Все таки можно предлагать гирлянду с цветками Олеандра? Может когда Кришна явил свои лилы, Олеандр был не ядовит? Может информация о том, что такие гирлянды носил Баларама не верная? Где можно точно узнать? Есть желание собрать максимум по списку любимых цветов Господа. Олеандр там есть, что с этим ядовитым красавцем делать не пойму.

----------


## Lakshmana Prana das

Может, не стоит рисковать? Даже если ядовитый цветок красивый, он может навредить преданным, которые примут гирлянду, как прасад от Кришны.

----------


## Толя

> Может, не стоит рисковать? Даже если ядовитый цветок красивый, он может навредить преданным, которые примут гирлянду, как прасад от Кришны.

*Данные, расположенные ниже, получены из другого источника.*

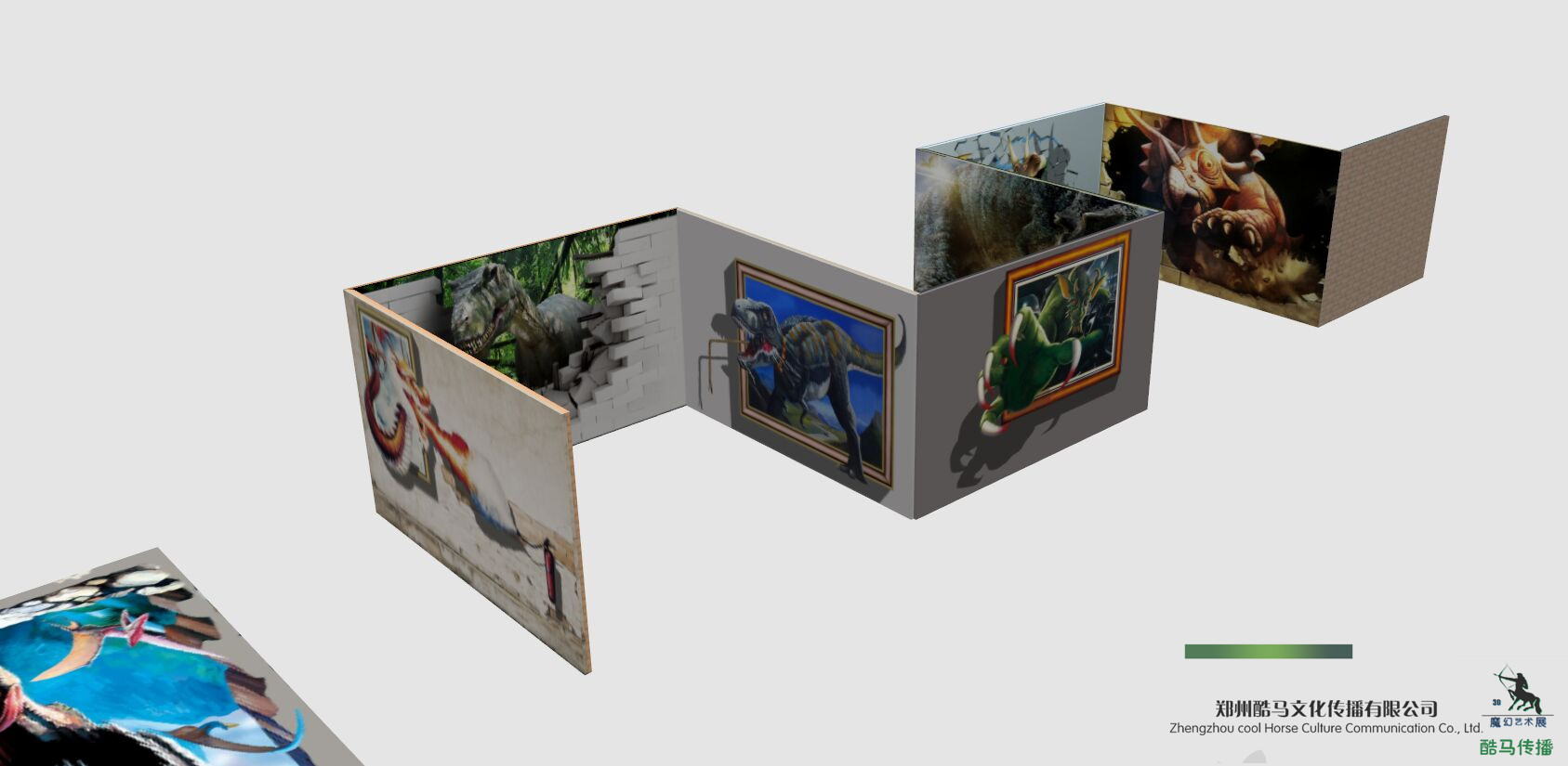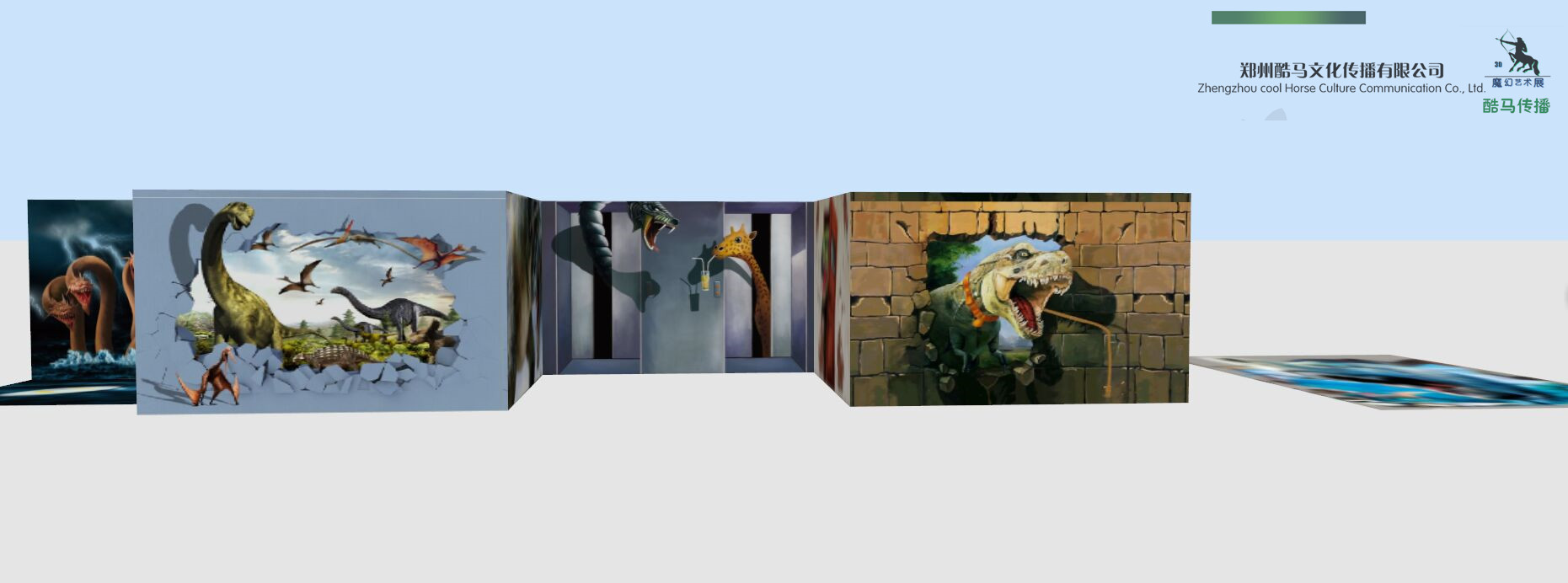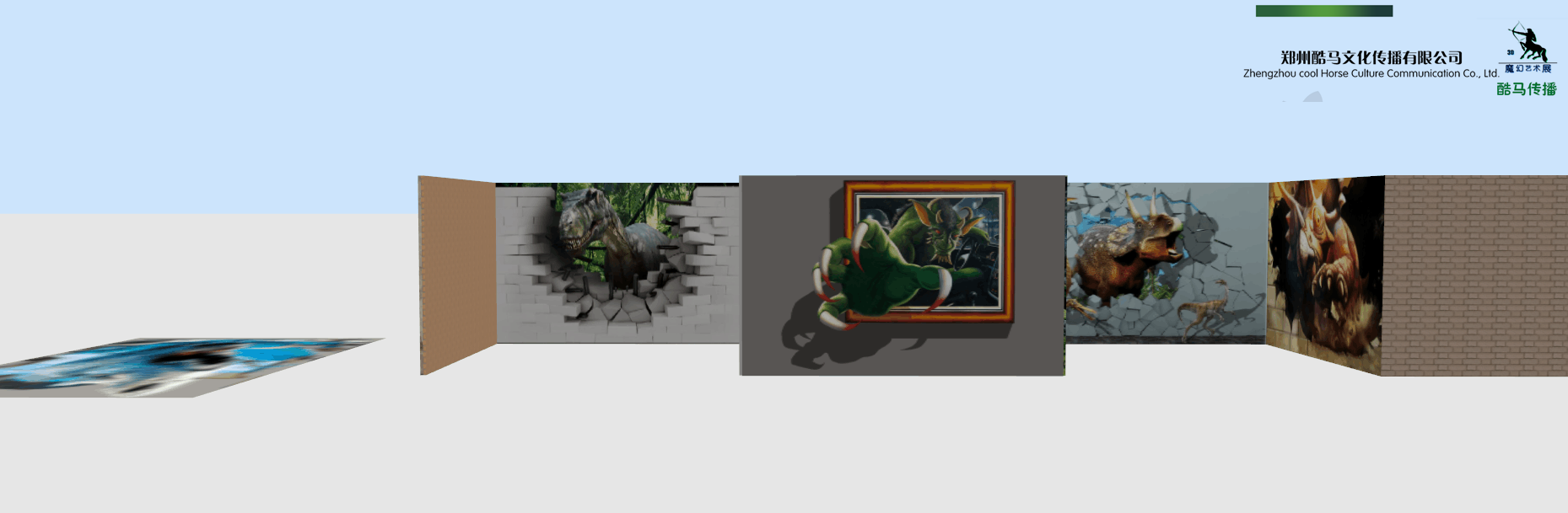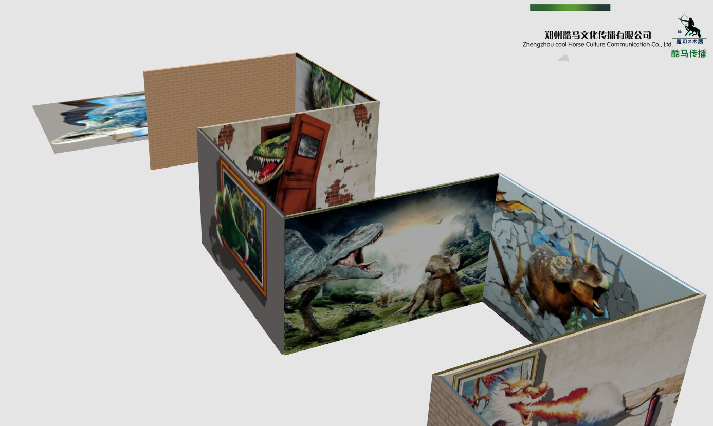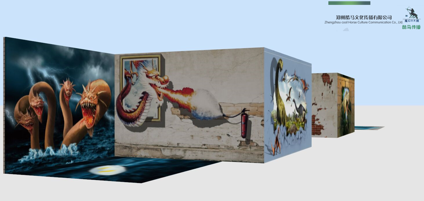 酷马3D恐龙园由15幅墙画、墙地画、地画作品组成

 Действительно, рисковать не стоит. Выращу олеандр, посмотрю, что это. Хорошо, что есть еще и бегония.

«Алая бегония» на Яндекс.ФоткахУже пять сантиметров  :smilies:  Цветет круглый год, даже зимой можно собирать свежие цветы, говорят "старожилы". Очень похожа на розу.

----------


## Lakshmana Prana das

Здорово! Наверняка Кришне понравится.

----------


## Nada-bindu-vidharini dd

А,припоминаю олеанры.В Теркадамба роща этих олеанров,жёлтенькие ,мы их собирали там,за уши вкладывали ,красоваться.На сколько помню и Бабаджи местный тоже Кришне и Балараме давал такие.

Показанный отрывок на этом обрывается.